Gunmen kill female school teacher in Pakistan

Unknown gunmen Tuesday shot dead a female school teacher in Pakistan's troubled north-western tribal region along the Afghan border, an official said.

Shahnaz Nazli, in her late 20s, was targeted in Shahkas area of Jamrud in Khyber, one of seven districts, by two assailants on a motor-bike while she was on her way to a community-run girls primary school, DPA reported.

An official from the district political office said that Nazli received several bullets in the upper part of the body. She was rushed to a hospital but died.

"Nobody immediately claimed responsibility for the attack but Taliban usually carry out such attacks to create fear among the people," said Jahangir Wazir.

Taliban oppose female education and have targeted female schools and students in the past.

In October, Taliban gunmen attacked and wounded teenage advocate of girls' education, Malala Yousafzai, in Swat. She has only recently recovered after treatment in Britain.

Militants have also torched dozens of education institutions for females in the region.

Khyber is a hotbed of Islamic rebels who not only attack civilians and security forces but also fight with each other.

A turf war between rival Islamist militias in the district's Tirah valley has displaced up to 44,000 people, an emergency official said Tuesday.

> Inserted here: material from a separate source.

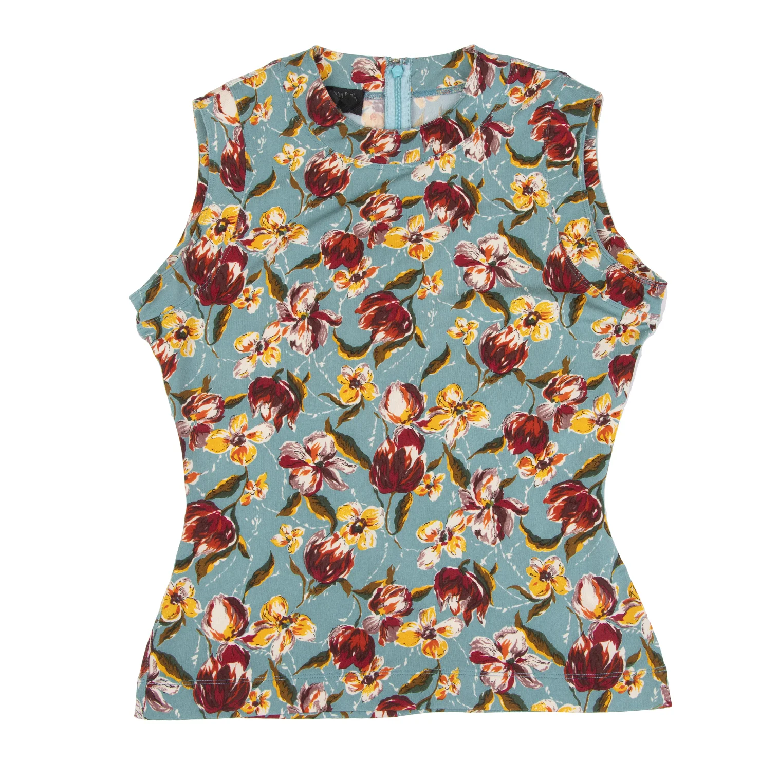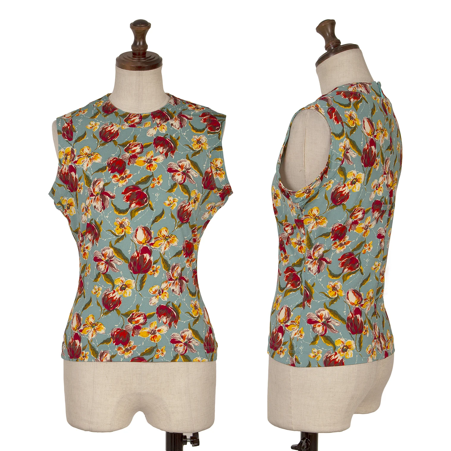 ジャンポールゴルチエ ファムJean Paul GAULTIER FEMME フローラルプリントストレッチノースリーブ 水色マルチ40

Tehrik-e-Taliban Pakistan, an alliance of several militant factions, has been fighting Ansar-ul-Islam, a banned group, since January to take control of the heights in Tirah.

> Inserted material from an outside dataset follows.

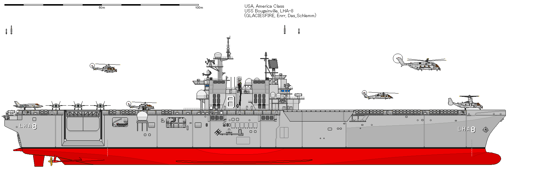 La terza nave della classe (USS Bougainville (LHA-8) sarà la prima della sua classe con una baia allegabile per il dispiegamento di veicoli anfibi. Mentre alla fine degli anni ’90 si poneva l’accento sui veicoli terrestri più leggeri, durante le operazioni in Iraq e in Afghanistan sono stati utilizzati veicoli corazzati più pesanti. Le future operazioni di contro-insurrezione richiedono navi in grado di trasportare e mettere a terra quei veicoli, anche attraverso l’uso di connettori; i requisiti di sollevamento del carico sono soddisfatti in modo più costoso dalle attrezzature per il trasporto aereo degli aerei. L’aggiunta del ponte del pozzo richiederà che l’isola della nave sia leggermente più piccola rispetto ai suoi due predecessori. I primi lavori di progettazione con fondi inizieranno nel 2015, i lavori di progettazione dettagliata e la costruzione inizieranno nel 2017 e l’LHA-8 entrerà in servizio nel 2024.

The clashes intensified mid-March when the Taliban attacked the headquarters of its rival in the Bagh Maidan area, reportedly overrunning it.

"Since March 16, about 5,200 families have fled the region," said Irfanullah Khan, a senior official of the state-run FATA Disaster Management Authority.

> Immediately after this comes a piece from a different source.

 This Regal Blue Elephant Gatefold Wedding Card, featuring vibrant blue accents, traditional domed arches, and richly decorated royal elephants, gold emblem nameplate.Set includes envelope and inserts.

"The influx of displaced people has now decreased because an estimated 95 per cent of Bagh Maidan's population has already relocated to safer regions."

Khan said nearly two-thirds of the displaced people had moved to the main north-western city of Peshawar.

"Only a fraction (less than 3 per cent) of these people has been accommodated in relief camps, and the majority is living with host communities," Khan said.

Relief authorities are providing food and health care services to those enrolled with them, and arranging transport for the freshly displaced.

The Tirah Valley holds strategic importance for the militants as well as the military because it overlooks the adjoining tribal districts of Orakzai and Kurram, and one of the key supply routes into the volatile tribal belt.

Ansar-ul-Islam is believed to have aligned with pro-government tribes to fight Lashkar-e-Islam, its rival group linked with the Pakistani Taliban.

The casualty toll and other details in the weeks of fighting remain unclear as the region is off limits to journalists and other independent channels.

With scores reported killed, Pakistani news outlets said a couple of suicide attacks also took place during the deadly clashes.